The legendary guitarist and songwriter of the Who might not move with the same abandon he did in the band's glory days of the 1960s and '70s, but as long as he can still get his right arm swinging in that signature windmilling motion, he's not too old to rock'n'roll as one of the best ever.
Townshend proved that again on Tuesday night at the Rose Garden arena, leading the Who through nearly two hours of music for which the term classic rock describes not so much style or era as artistic and cultural stature.

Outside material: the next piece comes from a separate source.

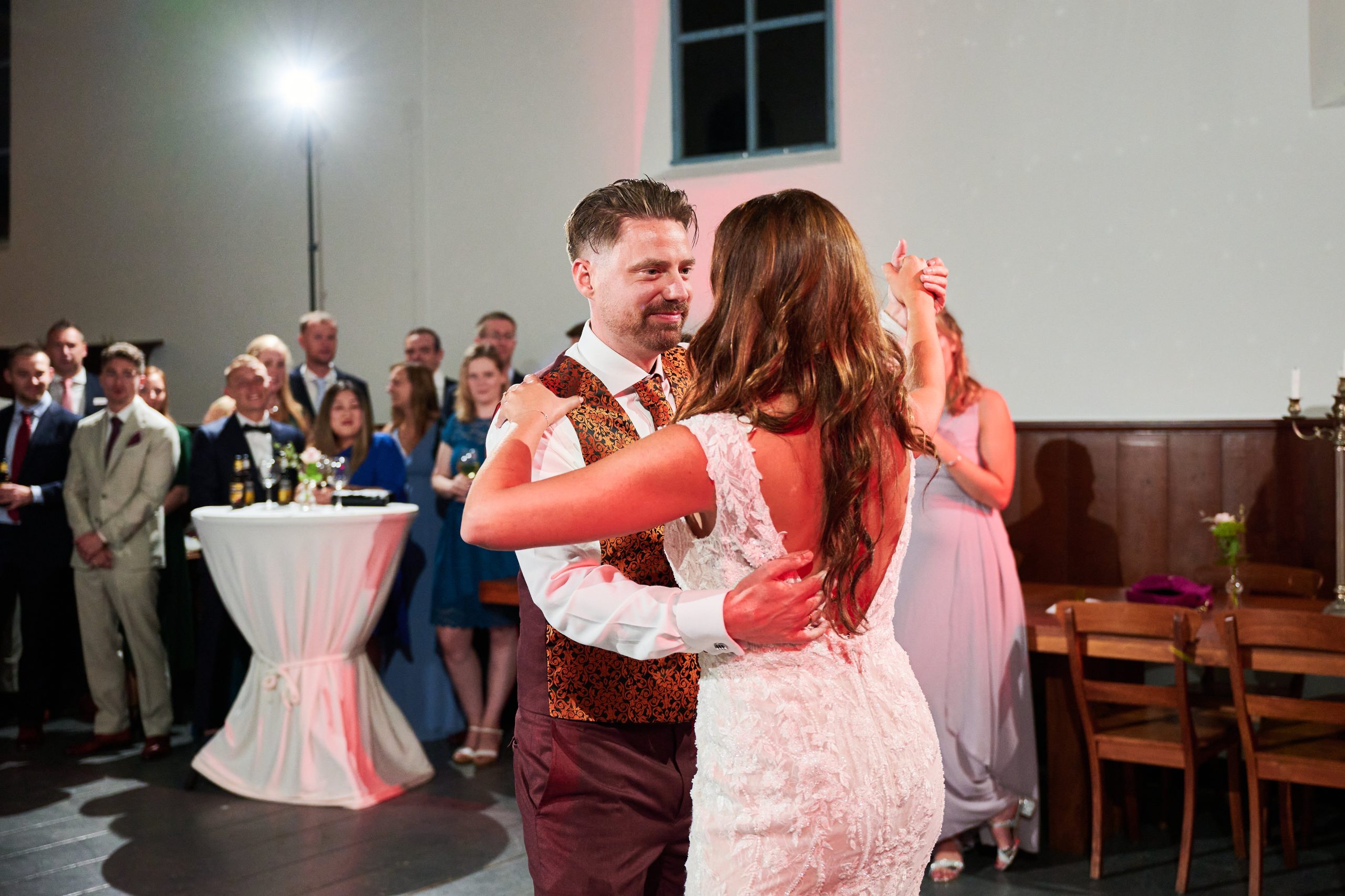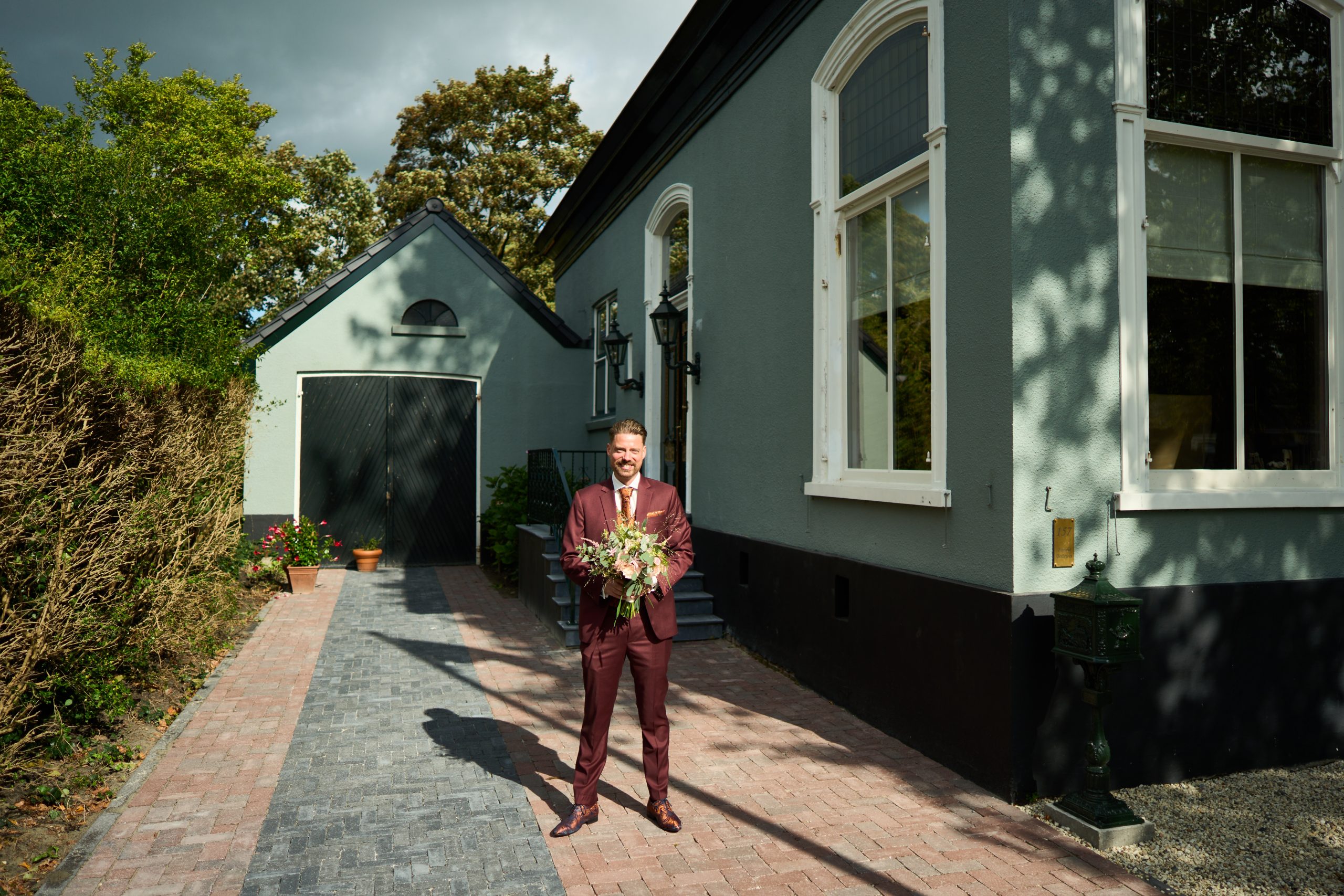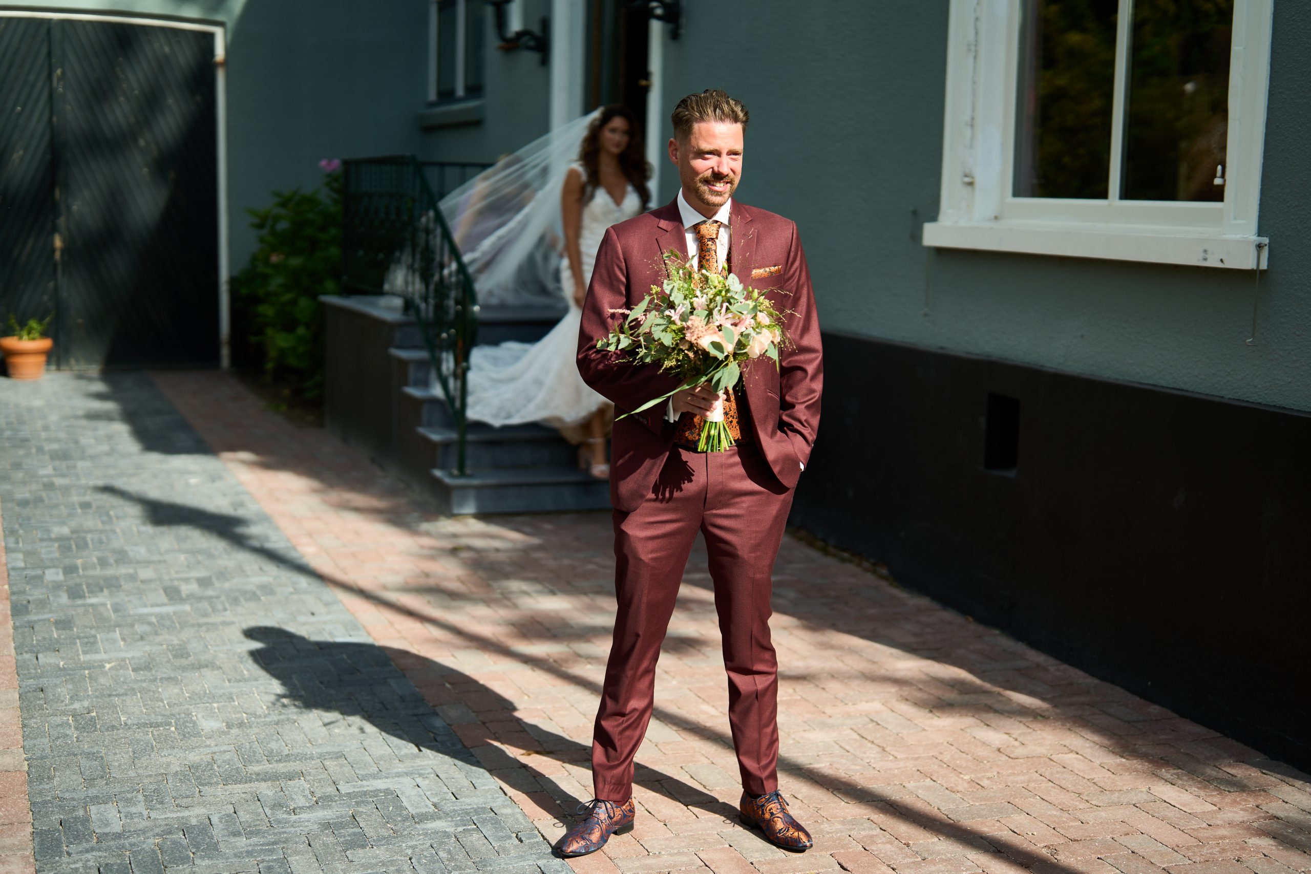 Rémon zou gaan trouwen met Laura, en kwam naar De Stijlmeester voor een trouwpak. Hij had nooit gedacht dat hij op een pak in deze rode kleur zou uitkomen. Maar toen Rémon voor de uitzoek- en aanmeetsessie in onze winkel kwam, trok een voorbeeldkostuum in de kleur rood meteen zijn aandacht. Hij vond het mooi, en de gasten die hij had meegevraagd vonden dat ook. Al bladerend en pratend, kijkend en vergelijkend koos hij dus voor een bordeaux rode stof. En als je de stralende foto’s ziet, is het alsof hij nooit een andere kleur heeft gedragen.

From the opening Mod nugget "I Can't Explain" (the group's first single), through burly hits such as "Who Are You?" and "Won't Get Fooled Again," to a moving suite of excerpts from the pathbreaking rock opera "Tommy" that served as the encore, the show was stirring and impeccably played. If it lacked the sense of barely contained chaos that once set the Who apart, it made up for that with the weight of history these songs carry - a weight which, handled deftly, feels like comfort, not burden.
Singer Roger Daltrey, the band's only other surviving original member, has a grainier voice than he once did, but still sang with the emotive masculinity that brings an extra dimension to the grand architecture of Townshend's songs. Bassist Pino Palladino, grown into the daunting shoes of the late, great John Entwistle, played with a rare blend of fluidity and muscularity, and absolutely nailed the fat tone and bubble-and-rumble phrasing of the solo on "My Generation." And Townshend himself played with undiminished passion, especially in the under-appreciated early '80s song "Eminence Front," in which he bent notes and leaned on them as if he wanted them to cry uncle.
As glorious as the band's history continued to sound here, the Who didn't turn its back on the present. There was much to like, too, in several songs from the forthcoming album "Endless Wire," including a compressed version of "Wire and Glass," Townshend's latest "mini-opera."
After all, however iconic the image of Townshend's windmilling arm may be, it's what keeps turning in his mind that matters most.